EDUCAÇÃO: REPROVADA
LYA LUFT
Há quem diga que sou otimista demais. Há quem diga que sou pessimista. Talvez eu tente apenas ser uma pessoa observadora habitante deste planeta, deste país. Uma colunista com temas repetidos, ah, sim, os que me impactam mais, os que me preocupam mais, às vezes os que me encantam particularmente. Uma das grandes preocupações de qualquer ser pensante por aqui é a educação. Fala-se muito, grita-se muito, escreve-se, haja teorias e reclamações. Ação? Muito pouca, que eu perceba. Os males foram-se acumulando de tal jeito que é difícil reorganizar o caos.
Há coisa de trinta anos, eu ainda professora universitária, recebíamos
as primeiras levas de alunos saídos de escolas enfraquecidas pelas providências
negativas: tiraram um ano de estudo da meninada, tiraram latim, tiraram
francês, foram tirando a seriedade, o trabalho: era a moda do “aprender
brincando”. Nada de esforço, punição nem pensar, portanto recompensas perderam
o sentido. Contaram-me recentemente que em muitas escolas não se deve mais
falar em “reprovação, reprovado”, pois isso pode traumatizar o aluno, marcá-lo
desfavoravelmente. Então, por que estudar, por que lutar, por que tentar?

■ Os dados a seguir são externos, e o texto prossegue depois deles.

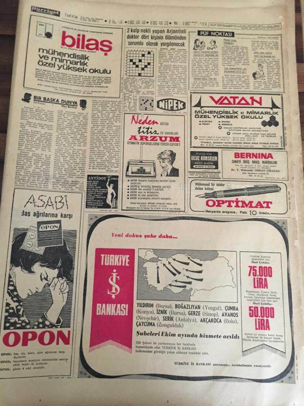 HÜRRİYET GAZETESİ 31 EKİM 1968 YIL :21 SAYI :7369--Dursun Salkım fotoğraflı sevilen plak reklamı-Seçim Kanunu Partiler Arası Bir Toplantıda Görüşülecek -- De Gaulle Çok Memnun Ayrıldı ----Avusturalya 'da ki Türk işçilerinden Demirel 'e şikayet mektubu geldi ----100 yeni gelin düğünlerinin yapıldığı salonda bir araya geldi ---AP 'li kadınlar Demirel 'i marş söyleyip karşıladı ---Tunceli 'ye kar yağıyor ---Ev Doktoru :Bu kitap ,evinizin doktoru , sağlığınızın kılavuzu olacaktır ----Albay Beregovoy Ferzadan döndü ----TİP 'te ki sol ve daha sol savaşını AYBAR kazandı ---Galatasaray Kütahya 'da şaşkına döndü :4-3--- Ceza Varsa Biz Yokuz ---UEFA 'nın İstanbul 'da toplanması futbolumuz için büyük başarıdır ---Altay Samsun 'a fark yaptı :3-0----Sabri Kiraz Galatasaray 'yı yenmek için oynayacağız dedi ----Rumenlerin ümidi Alsancak ta söndü :3-0----Kavga ettiği arkadaşını bir yumrukla öldürdü ---- Lidya devrine ait eserler bulundu --- adlı eser, Kitap > Süreli Yayınlar > Gazeteler > Türkiye > Genel > Günlük kategorisinde İkinci El olarak satıştadır.

De todos os modos facilitamos a vida dos estudantes, deixando-os cada
vez mais despreparados para a vida e o mercado de trabalho. Empresas reclamam
da dificuldade de encontrar mão de obra qualificada, médicos e advogados quase
não sabem escrever, alunos de universidades têm problemas para articular o
pensamento, para argumentar, para escrever o que pensam. São, de certa forma,
analfabetos. Aliás, o analfabetismo devasta este país. Não é alfabetizado quem
sabe assinar o nome, mas quem o sabe assinar embaixo de um texto que leu e
entendeu. Portanto, a porcentagem de alfabetizados é incrivelmente baixa.

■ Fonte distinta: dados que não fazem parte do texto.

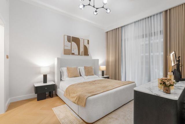 The apartment features a generous living and dining area with large windows allowing ample natural light, an open-plan kitchen with contemporary fittings, and two well-sized bedrooms with built-in wardrobes. The layout is thoughtfully designed to maximize space and functionality.

Agora sai na imprensa um relatório alarmante. Metade das crianças
brasileiras na terceira série do elementar não sabe ler nem escrever. Não
entende para o que serve a pontuação num texto. Não sabe ler horas e minutos
num relógio, não sabe que centímetro é uma medida de comprimento. Quase a
metade dos mais adiantados escreve mal, lê mal, quase 60% têm dificuldades
graves com números. Grande contingente de jovens chega às universidades sem
saber redigir um texto simples, pois não sabem pensar, muito menos expressar-se
por escrito. Parafraseando um especialista, estamos produzindo estudantes
analfabetos.
Naturalmente, a boa ou razoável escolarização é muito maior em escolas
particulares: professores menos mal pagos, instalações melhores, algum livro na
biblioteca, crianças mais bem alimentadas e saudáveis – pois o estado não
cumpre o seu papel de garantir a todo cidadão (especialmente a criança) a
necessária condição de saúde, moradia e alimentação.

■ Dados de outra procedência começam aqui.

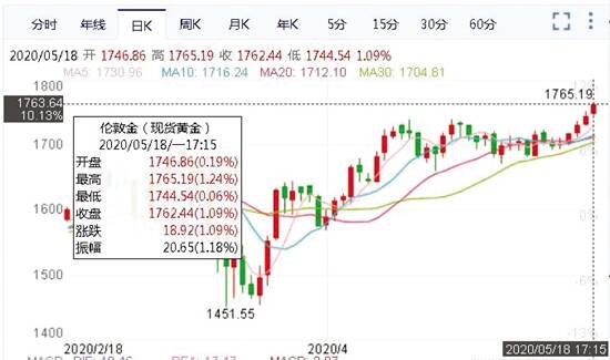 A股方面,昨日黄金板块大涨,个股全部飘红,赤峰黄金涨停,中金黄金和山东黄金等涨幅均超8%,当日大盘涨0.24%。机构表示,全球主要经济体量化宽松政策不断刺激下,负利率债券占比长期高位有望继续催生黄金牛市,黄金股业绩弹性和资本运作潜力有望充分展现。 上周以来,现货黄金突破此前震荡区间,接连5天迅猛上涨,5月15日金价突破1750美元/盎司关口后,昨日持续发力,盘中最高涨至1765美元/盎司。截至发稿,现货黄金报收1762.44美元/盎司。沪金主力合约涨2.92%,报401.16元。兴业研究分析师张峻滔认为,黄金呈现出较强的“商品属性”或“抗通胀属性”,以原油为代表的大宗商品价格反弹,而美国国债收益率相对稳定,使得实际收益率下降,对黄金构成利好。 彭博汇编的最新数据显示,交易所交易基金的黄金持仓量突破3000吨,触及纪录高位。今年至今,流入规模超过420吨,已远超2019年全年的流入规模。世界黄金协会统计,全球黄金ETF持仓在今年3月增加了151吨,令总持仓规模达到了创纪录的3185吨。从今年一季度整体情况看,全球黄金ETF及类似产品持仓在一季度增长了298吨,合计净流入230亿美元,这是史上最高的以美元绝对值衡量的季度资产管理规模增幅,同时其持仓的吨数增长则为2016年以来的季度最高。 分析人士表示,逊于预期的美国经济数据增加了黄金的看涨理由。美国4月份通货膨胀率下降,5月8日当周有298万人申请失业。这一数字低于危机开始时令人震惊的600多万人,但仍表明在不久的将来失业率将超过20%。此外,近期美国方面公布了市场关注的美国4月零售销售数据,大幅低于预期。美国4月零售销售月率下降16.40%,超过预期的下降12%,为1992年有记录以来最大降幅。 从技术上看,分析人士表示,黄金已经突破多年高位1745.45美元,技术上仍保持看涨立场,并向1760美元区域延伸。现在20日移动均线向上移动,金价预计将继续上涨,有望迈向1800美元。 A股方面,国盛证券表示,金价上行提振矿产金企业盈利水平,矿产金业务比重更高的企业更受益于金价提升。矿产金体量与业绩纯度来看,山东黄金、恒邦股份和赤峰黄金比值较高。

Faxinar a miséria, louvável desejo da nossa presidenta, é essencial para
nossa dignidade. Faxinar a ignorância – que é uma outra forma de miséria –
exigiria que nos orçamentos da União e dos estados a educação, como a saúde,
tivesse uma posição privilegiada. Não há dinheiro, dizem. Mas políticos
aumentam seus salários de maneira vergonhosa, a coisa pública gasta nem se sabe
direito onde, enquanto preparamos gerações de ignorantes, criados sem limites,
nada lhes é exigido, devem aprender brincando. Não lhes impuseram a mais
elementar disciplina, como se não soubéssemos que escola, família, a vida
sobretudo, se constroem em parte de erro e acerto, e esforço. Mas, se não podemos
reprovar os alunos, se não temos mesas e cadeiras confortáveis e teto sólido
sobre nossa cabeça nas salas de aula, como exigir aplicação, esforço,
disciplina e limites, para o natural crescimento de cada um?
Cansei de falas grandiloquentes sobre educação, enquanto não se faz
quase nada. Falar já gastou, já cansou, já desiludiu, já perdeu a graça.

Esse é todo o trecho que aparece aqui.